What is Mapping?
As per Elasticsearch Reference, "Mapping is the process of defining how a document, and the fields it contains, are stored and indexed."

How does it help?
It enables in faster search retrieval and aggregations. Hence, your mapping defines how effectively you can handle your data. A bad mapping can have severe consequences on the performance of your system.

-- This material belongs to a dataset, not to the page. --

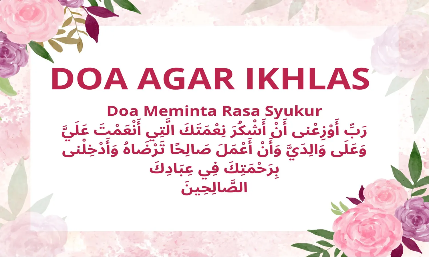 Karena itulah, Anda harus sekuat tenaga memiliki sifat sabar, syukur, dan ikhlas. Selain dengan memaksimalkan ikhtiar, Anda juga harus memanjatkan doa agar ikhlas dan sabar kepada Allah agar dianugerahi ikhlas.
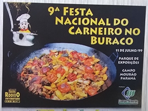...para o prato típico de Campo Mourão ser servido na 25ª Festa Nacional do Carneiro no Buraco. O cartaz de hoje é da nova edição do evento, realizado em 11 de julho de 1999. Era tempo do prefeito Tauillo Tezelli. O cartaz destacava, além do carneiro, que haveria “rodeio universitário”.

To know more about mappings: https://www.elastic.co/guide/en/elasticsearch/reference/current/mapping.html

In [1]:
#documents to insert in the elasticsearch index "cities"
doc1 = {"city":"Bangalore", "country":"India","datetime":"2018,01,01,10,20,00"} #datetime format: yyyy,MM,dd,hh,mm,ss
doc2 = {"city":"London", "country":"England","datetime":"2018,01,02,03,12,00"}
doc3 = {"city":"Los Angeles", "country":"USA","datetime":"2018,04,19,21,02,00"}

In [4]:
from elasticsearch import Elasticsearch

es = Elasticsearch(
    [{'host': 'localhost', 'port': 9200, 'scheme': 'http'}],
    basic_auth=('elastic', '123456')
)

es.index(index = "travel", id = 1, body = doc1)
es.index(index = "travel", id = 2, body = doc2)
es.index(index = "travel", id = 3, body = doc3)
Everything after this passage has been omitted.